Misplaced Priorities - Part 2 [Solution]

Solution for the week of 1/12/25

Our problem from 1/12/25 was

Given that these queued passengers did such a poor job of getting into the correct order the first time, you don’t trust them them to get it right this time. So instead you have each of them display their ticket while you move them around. You can move people by selecting two people and swapping their locations. This is the only movement operation you’re allowed. If we assume there are 10 people in line and their order is completely random, how many swaps will it take to get them ordered correctly? How about for N people?

Shoutout out to Seth Cohen of Concord NH for his correct submission! He solved the problem by constructing a recurrence relation and then performing some algebra magic to obtain a closed-form solution. He found that the total number of swaps needed to correct all possible permutations is given by the relation

\(X(N+1) = X(N) + (N! + X(N))N\)

In his own words

Say we have N people. Person N+1 can be in any of N+1 positions.

• If person N+1 is last, the number of swaps is x(N).

• If person is in any other position, the number of swaps is (N! + x(N))*N. This equation comes from the explanation above: N! is every possible ordering of N people, each of which requires 1 swap to get person N+1 to the end; x(N) is how many swaps to get those N people ordered after N+1 is at the end; and N is the number of positions person N+1 could be, besides the last position.
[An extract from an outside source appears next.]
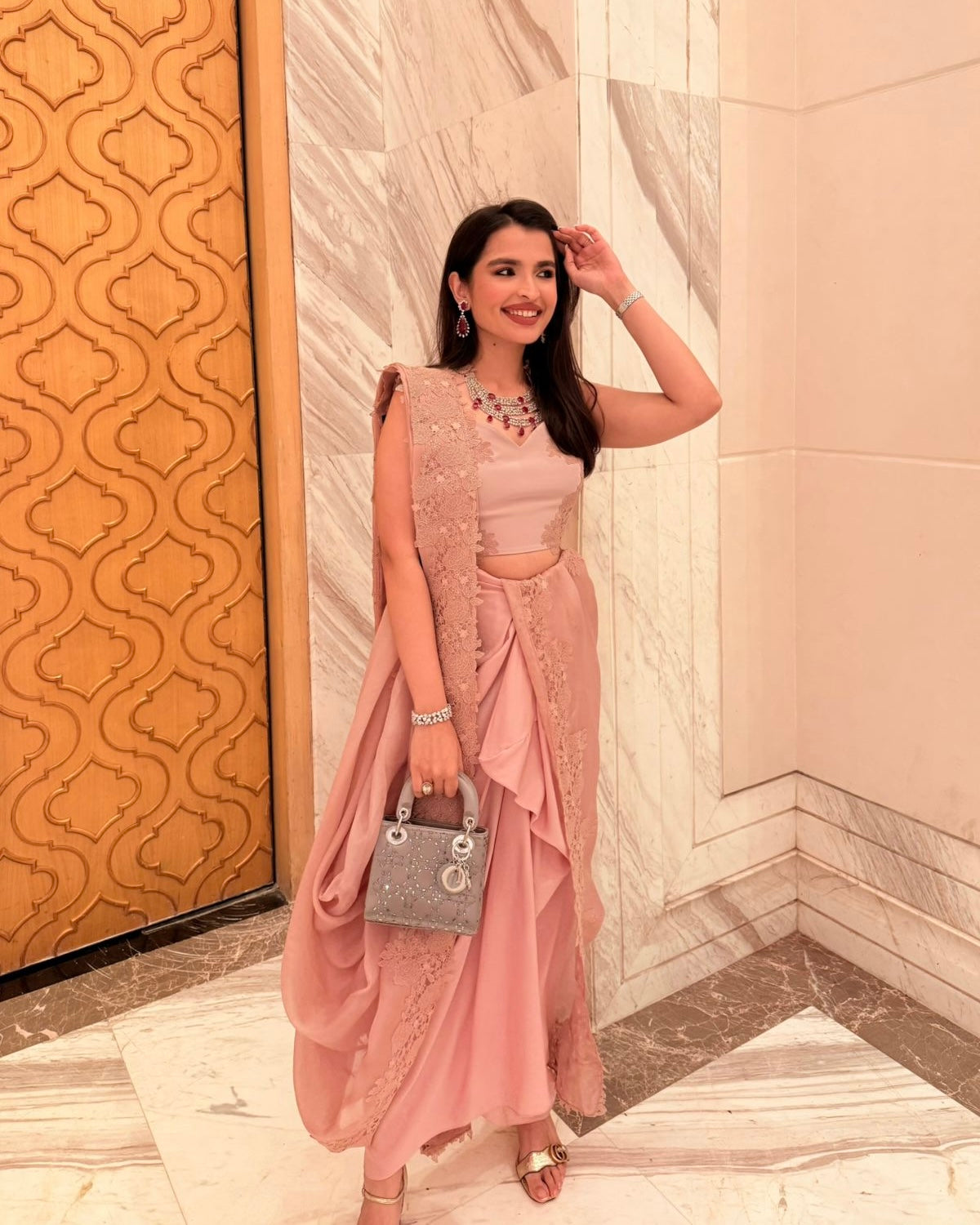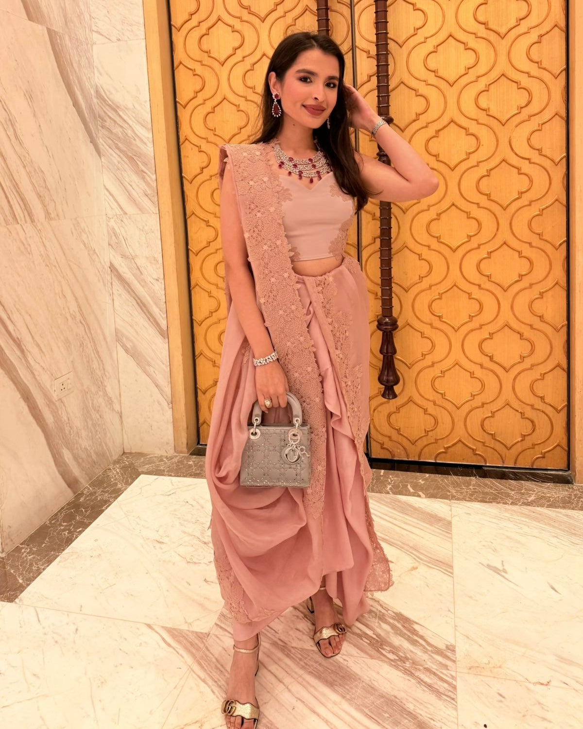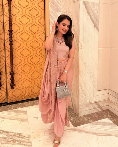 Old rose pre-draped Jacket saree with laced blouse and signature drape skirt. Fabric - Organza and Crepé

After some algebra, Seth obtained the closed-from solution

\(X(N) = \frac{1}{2} + \sum_{i=2}^{N-1} \frac{i}{i+1}\)

After a little algebraic manipulation, we can confirm this is the same as the solution below!

I in turn solved it a different way and ChatGPT solved it yet a different (and much easier) way :/

The Hard Way

To solve this problem, we leverage the concept of derangements and the cycle decomposition of permutations:

1. Out-of-order elements: Individuals not in their correct positions form a subset of size k, which corresponds to a derangement (a permutation with no fixed points).

2. Cycle decomposition: Every permutation can be expressed as a product of disjoint cycles. For a derangement, all cycles must have length ≥2, as any cycle of length 1 would imply a fixed point.

3. Swapping to correct cycles:

   • A cycle of length k requires k−1 swaps to correct.

   • The total swaps needed for a derangement of size k is the sum of p−1 for each cycle p in the partition of k (the cycles have the size of the different parts of the partition).

4. Combining probabilities:

   • To compute the expected number of swaps E[S], we sum over all possible values of k (number of out-of-order elements), accounting for:

     • The probability P(k) of having k out-of-order elements.

     • The cycle structures (partitions of k).

     • The probability of each partition of k given k out-of-order elements.

More formally, let S be the number of swaps needed to correct a random permutation. Let P_k be the set of integer partition of k where every partition p is ≥2 and each partition p = {c₁, c₂, …} where c_i is a part of the partition p. Let K be be the event where k of the n elements of a random permutation are fixed. Finally, S(p) is the number of swaps needed to correct a derangement of k elements and is given by

\(S(p) = \sum_{c_i \in p} c_i - 1\)

With these formalizations, we can write the expected number of swaps as

\(E[S] = \sum_{k=0}^n \left[ \sum_{p \in P_k} S(p) P(p|K) \right] P(K)\)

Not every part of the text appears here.